→ Work to complete:
Could you restate the whole listing below word for word, minus the pictures?

Top of Given information

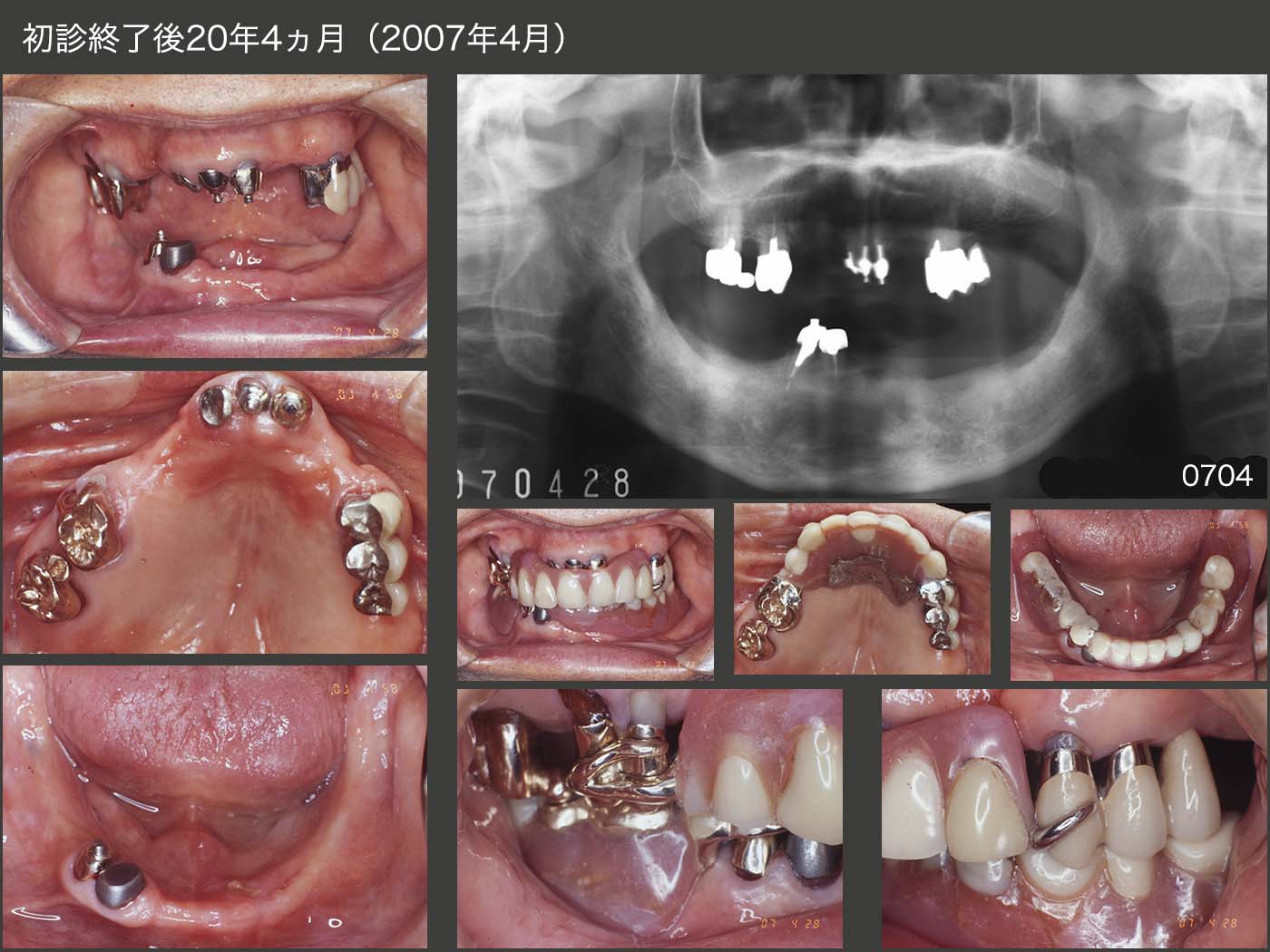 2007年4月,初診終了後20年4か月の状態である.スライド10〜12で考察するが,この間,合計7本の歯を失った.また,右上1,2および左上1に歯冠破折が生じた.96年,上顎に義歯を新製した.
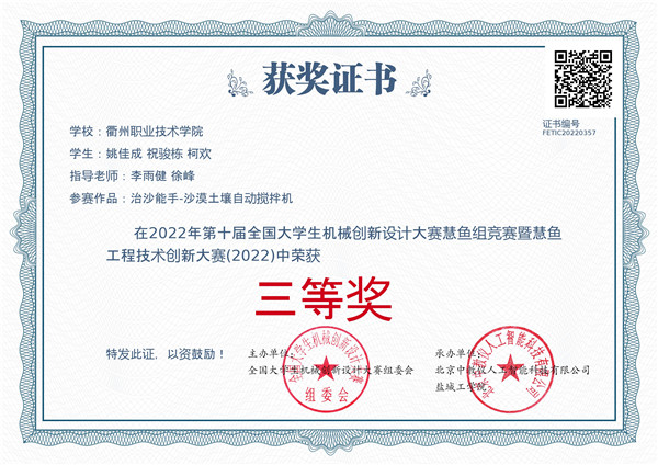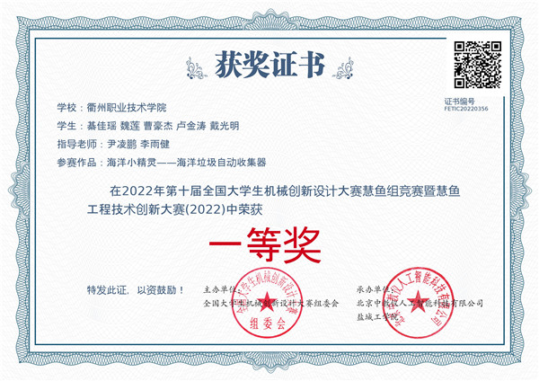 李雨健、徐峰老师指导员工参加第十届全国老员工机械创新设计彗鱼组竞赛获一等奖和三等奖
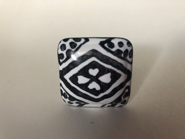Ceramiczne - gałki do mebli . Nowe. Oryginalne ręcznie malowane i szkliwione . Ciekawa wygodna forma .ładne wykonanie . Dwie sztuki z metką - HOME PRODUCED IN INDIA FOR SAINSBURY ‚S. Przyjemne , satynowe w dotyku . 3,5 x 3,5 przekątna 4,5 długość ceramiki 3,5 cm długość ze śrubą 8 cm . Długa śruba / do przycięcia wg, grubości drzwiczek .Stan zachowania bardzo dobry -nowe, nie używane. Nadają się na ciekawy I oryginalny prezent;)

Bottom of Given information

→ Solution:
 2007年4月,初診終了後20年4か月の状態である.スライド10〜12で考察するが,この間,合計7本の歯を失った.また,右上1,2および左上1に歯冠破折が生じた.96年,上顎に義歯を新製した.
 李雨健、徐峰老师指导员工参加第十届全国老员工机械创新设计彗鱼组竞赛获一等奖和三等奖
Ceramiczne - gałki do mebli . Nowe. Oryginalne ręcznie malowane i szkliwione . Ciekawa wygodna forma .ładne wykonanie . Dwie sztuki z metką - HOME PRODUCED IN INDIA FOR SAINSBURY ‚S. Przyjemne , satynowe w dotyku . 3,5 x 3,5 przekątna 4,5 długość ceramiki 3,5 cm długość ze śrubą 8 cm . Długa śruba / do przycięcia wg, grubości drzwiczek .Stan zachowania bardzo dobry -nowe, nie używane. Nadają się na ciekawy I oryginalny prezent;)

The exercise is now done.